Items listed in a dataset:
####
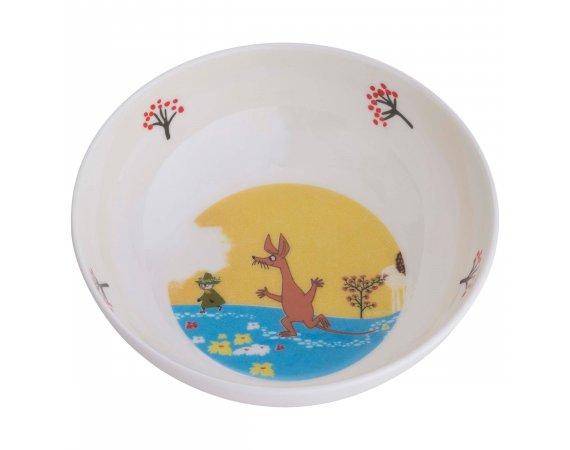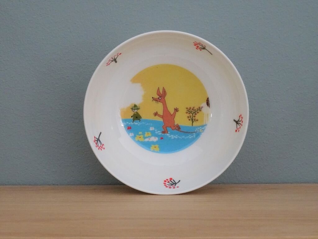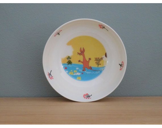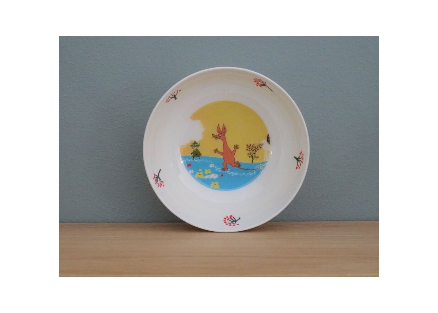 Djup MumintallrikSupersöt tallrik i gula nyanser med fisk och Mumintroll på.
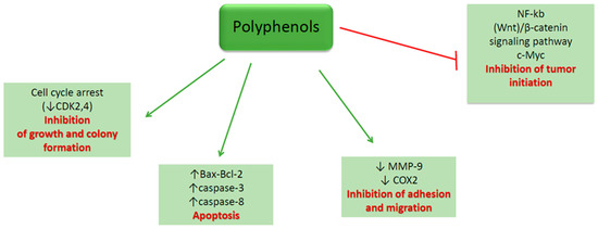 Schematic representation of the polyphenols’ major mechanisms of action on colorectal cancer (CRC) cells. Polyphenols: (i) Determine cell cycle arrest by downregulating cyclin-dependent kinase 2, 4 (CDK 2, 4), (ii) induce apoptosis by upregulating B cell lymphoma 2 associated protein X and B cell lymphoma 2 (Bax-Bcl-2), caspase-3 and caspase-8, (iii) inhibit cell adhesion and migration through the downregulation of matrix metalloproteinase 9 (MMP-9) and cyclooxygenase 2 (COX2) and (iv) stop tumor initiation by altering nuclear factor kappa-light-chain-enhancer of B cells (NF-kb)/β-catenin signaling pathway.
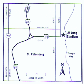 Stadium is located on the waterfront in downtown St. Petersburg, on 1st St. and 2nd Ave., 1 1/2 miles east of I-275 Exit #9.
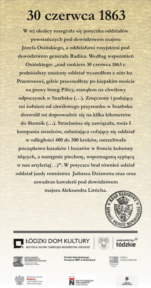 • Skotniki – drewniany krzyż z tablicą objaśniającą przebieg potyczki oddziałów powstańczych pod dowództwem majora Józefa Oxińskiego z oddziałami rosyjskimi pod dowództwem generała Radina. Według wspomnień Oxińskiego: „nad rankiem 30 czerwca 1863 r. podniósłszy znużony oddział wyszedłem z nim ku Przewozowi, gdzie przeszedłszy po kiepskim moście na prawy brzeg Pilicy, stanąłem na chwilowy odpoczynek w Szarbsku (…). Zmęczony i padający mi żołnierz od chwilowego przystanku w Szarbsku dozwolił mi doprowadzić się na kilka kilometrów do Skotnik (…). Strzelanina się zawiązała, moja I kompania strzelców, osłaniająca cofający się oddział w odległości 400 do 500 kroków, ostrzeliwała początkowo kozaków i huzarów w froncie kolumny idących, a następnie piechotę, wspomaganą sypiącą w nas artylerią(…)”.
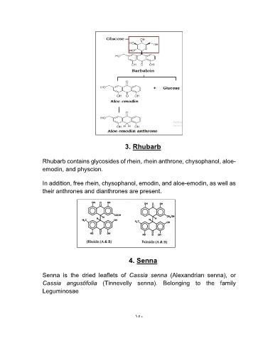 Rhubarb contains glycosides of rhein, rhein anthrone, chysophanol, aloe-
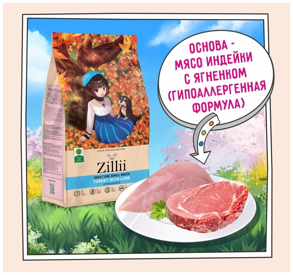 ZILLII (Зилли) Adult Dog Small Breed корм сухой для взрослых собак мелких пород 800 г Индейка с Ягнёнком, гипоаллергенный
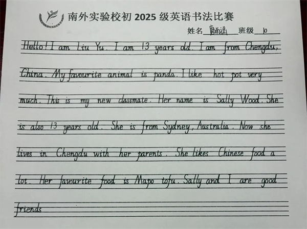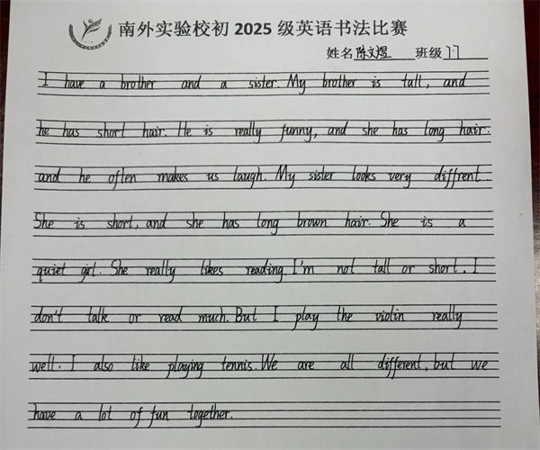 为帮助初一新生夯实英语学习基础,培养规范书写习惯,感受英语文字的结构之美,11月11日,南外实验学校特举办初一年级英语书写比赛。在一笔一画之间,书写的不只是句子,更是态度;在字里行间之中,展现的不只是技巧,更是初心的温度。
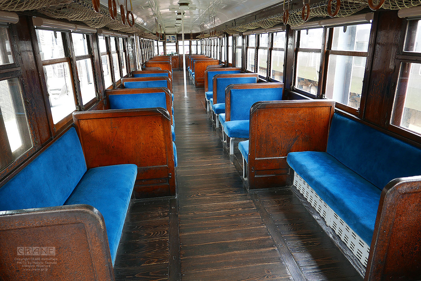 歴代のだいぶ昔のヒストリカルな車両も展示されていますが、こういった木製の座席などは、私が中校生の頃にはまだ使われていました。思えば木製の座席というのはゼイタクですね。今となってはコストがかかりすぎて現実的ではありませんな。速度は遅くとも豊かな時代だったのだと思います。
####
Each entry is to be returned as it stands, and each picture is to be left out.

 Djup MumintallrikSupersöt tallrik i gula nyanser med fisk och Mumintroll på.
 Schematic representation of the polyphenols’ major mechanisms of action on colorectal cancer (CRC) cells. Polyphenols: (i) Determine cell cycle arrest by downregulating cyclin-dependent kinase 2, 4 (CDK 2, 4), (ii) induce apoptosis by upregulating B cell lymphoma 2 associated protein X and B cell lymphoma 2 (Bax-Bcl-2), caspase-3 and caspase-8, (iii) inhibit cell adhesion and migration through the downregulation of matrix metalloproteinase 9 (MMP-9) and cyclooxygenase 2 (COX2) and (iv) stop tumor initiation by altering nuclear factor kappa-light-chain-enhancer of B cells (NF-kb)/β-catenin signaling pathway.
 Stadium is located on the waterfront in downtown St. Petersburg, on 1st St. and 2nd Ave., 1 1/2 miles east of I-275 Exit #9.
 • Skotniki – drewniany krzyż z tablicą objaśniającą przebieg potyczki oddziałów powstańczych pod dowództwem majora Józefa Oxińskiego z oddziałami rosyjskimi pod dowództwem generała Radina. Według wspomnień Oxińskiego: „nad rankiem 30 czerwca 1863 r. podniósłszy znużony oddział wyszedłem z nim ku Przewozowi, gdzie przeszedłszy po kiepskim moście na prawy brzeg Pilicy, stanąłem na chwilowy odpoczynek w Szarbsku (…). Zmęczony i padający mi żołnierz od chwilowego przystanku w Szarbsku dozwolił mi doprowadzić się na kilka kilometrów do Skotnik (…). Strzelanina się zawiązała, moja I kompania strzelców, osłaniająca cofający się oddział w odległości 400 do 500 kroków, ostrzeliwała początkowo kozaków i huzarów w froncie kolumny idących, a następnie piechotę, wspomaganą sypiącą w nas artylerią(…)”.
 Rhubarb contains glycosides of rhein, rhein anthrone, chysophanol, aloe-
 ZILLII (Зилли) Adult Dog Small Breed корм сухой для взрослых собак мелких пород 800 г Индейка с Ягнёнком, гипоаллергенный
 为帮助初一新生夯实英语学习基础,培养规范书写习惯,感受英语文字的结构之美,11月11日,南外实验学校特举办初一年级英语书写比赛。在一笔一画之间,书写的不只是句子,更是态度;在字里行间之中,展现的不只是技巧,更是初心的温度。
 歴代のだいぶ昔のヒストリカルな車両も展示されていますが、こういった木製の座席などは、私が中校生の頃にはまだ使われていました。思えば木製の座席というのはゼイタクですね。今となってはコストがかかりすぎて現実的ではありませんな。速度は遅くとも豊かな時代だったのだと思います。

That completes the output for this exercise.